We were so intoxicated by the quality of our offerings that we next opted for the Coconaut (pineapple, coconut milk, cream of coconut, blood-orange flavored Pellegrino, and nutmeg) and Daters Gonna Date (Medjool dates, peanut butter, lime-banana syrup, vanilla, macadamia-nut milk, and Coco Rico soda). “I don’t want to say it,” my partner implored when I asked him to order the second one, but these were indisputably delicious. Still, the experience was less sophisticated adult and more Mitt Romney cutting loose on a Royal Caribbean cruise.

Getaway — which seats around 25 and advertises itself to passersby with a mysterious “0%” sign — was about three-quarters full when we went. Small groups of androgynous 20-somethings with tattoos chatted animatedly. A young, beautiful couple occupied themselves by playing cards, which made me immediately muse about whether I should “get into playing cards.” Getaway is planning on serving small plates soon, but in the meantime a bartender circulated with gratis plates of salted mixed nuts. Aided by a patina of elegance, the whole experience felt wholesome but not saccharine. It wasn’t “Utah dessert bar” as much as “all-day Italian café.” The only thing missing was the aperitivo.

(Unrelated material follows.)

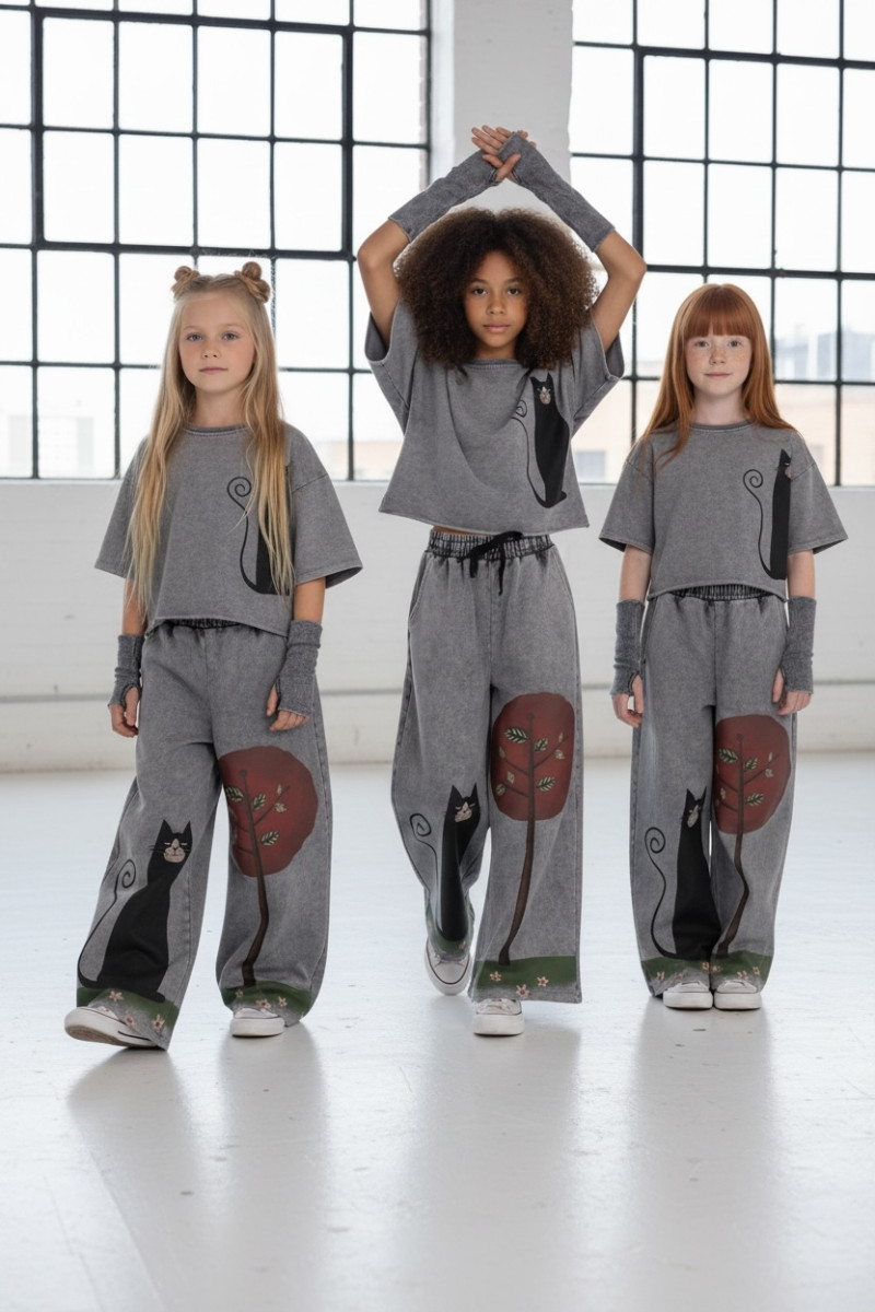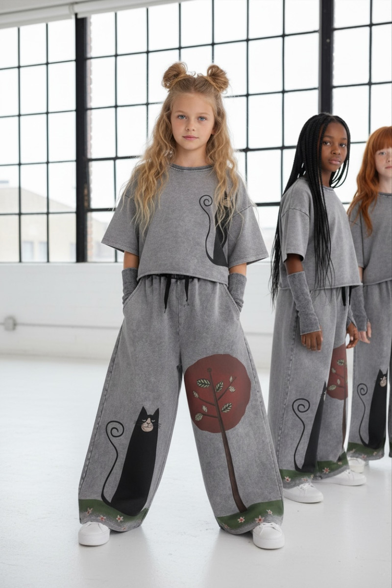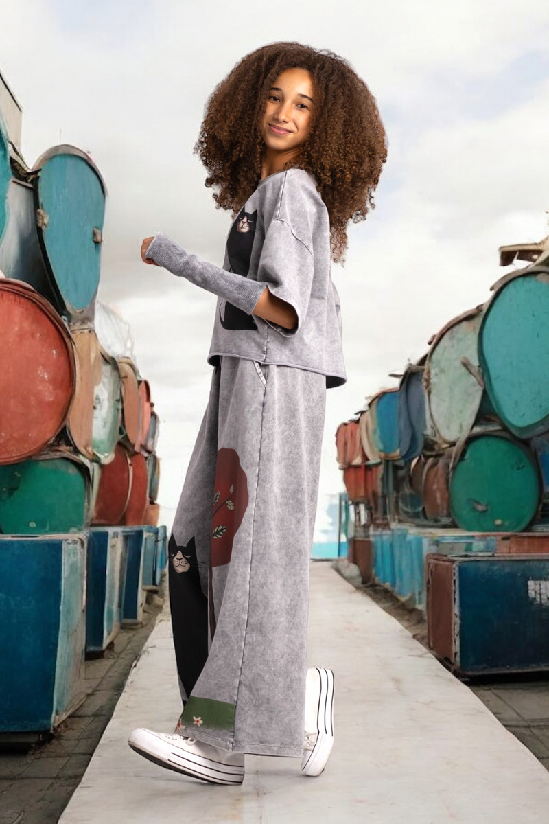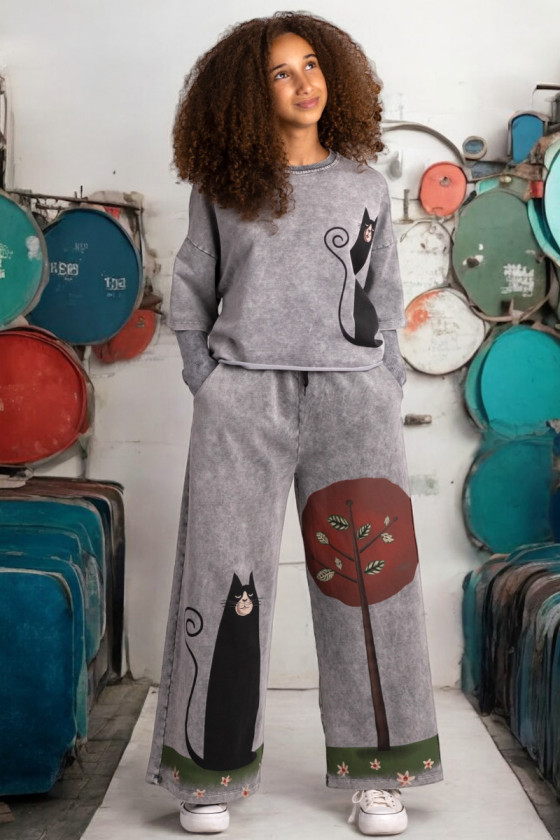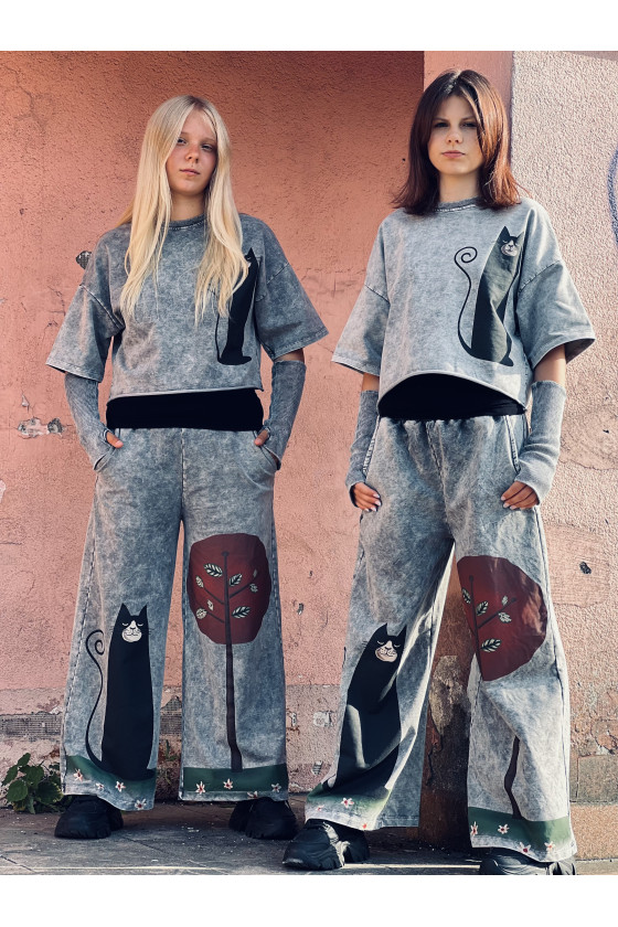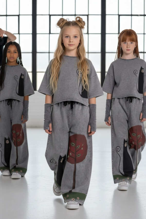 3-częściowy komplet dziewczęcy “Magic Cat” w skład, którego wchodzi bluzka i spodnie w stylu oversize oraz mitenki-rękawy. Rozmiary od 128 do 164

For those who, like myself, might balk at the prices, the bottom half of the menu is very compelling. Shrubs and cordials run for $6 and $4.50, respectively, and there are full-service coffee-and-tea options. Most inviting was the extensive array of $4 soft drinks, Fever-Tree tonics, Dona sodas, and my all-time-favorite difficult-to-find aperitif: the alluringly bitter, electrically red Sanbitter. This section also left me wanting more — not from Getaway but from other bars. While most typical bars can’t devote the time or the money needed to make elaborate, locally sourced, alcohol-free cocktails, I’d love to see places reach for a few more niche prepackaged options that extend beyond the usual offerings.

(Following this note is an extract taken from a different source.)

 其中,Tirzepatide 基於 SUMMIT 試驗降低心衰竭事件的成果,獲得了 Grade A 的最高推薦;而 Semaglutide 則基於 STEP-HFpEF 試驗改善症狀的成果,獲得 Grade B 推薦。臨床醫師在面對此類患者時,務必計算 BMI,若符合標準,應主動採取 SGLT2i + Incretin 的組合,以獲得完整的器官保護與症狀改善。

I don’t know if I would invite a group of drinking friends to hike to Greenpoint for a round of Sanbitters, and it’s unreasonable to expect that a bar whose entire business model is based on being booze-free would try to accommodate drinkers. Getaway is, however, a reliable gathering place (and for sober people who can’t be around alcohol at all, it may be an ideal haven). It will never be exactly the same as a traditional bar, but it can still be fun.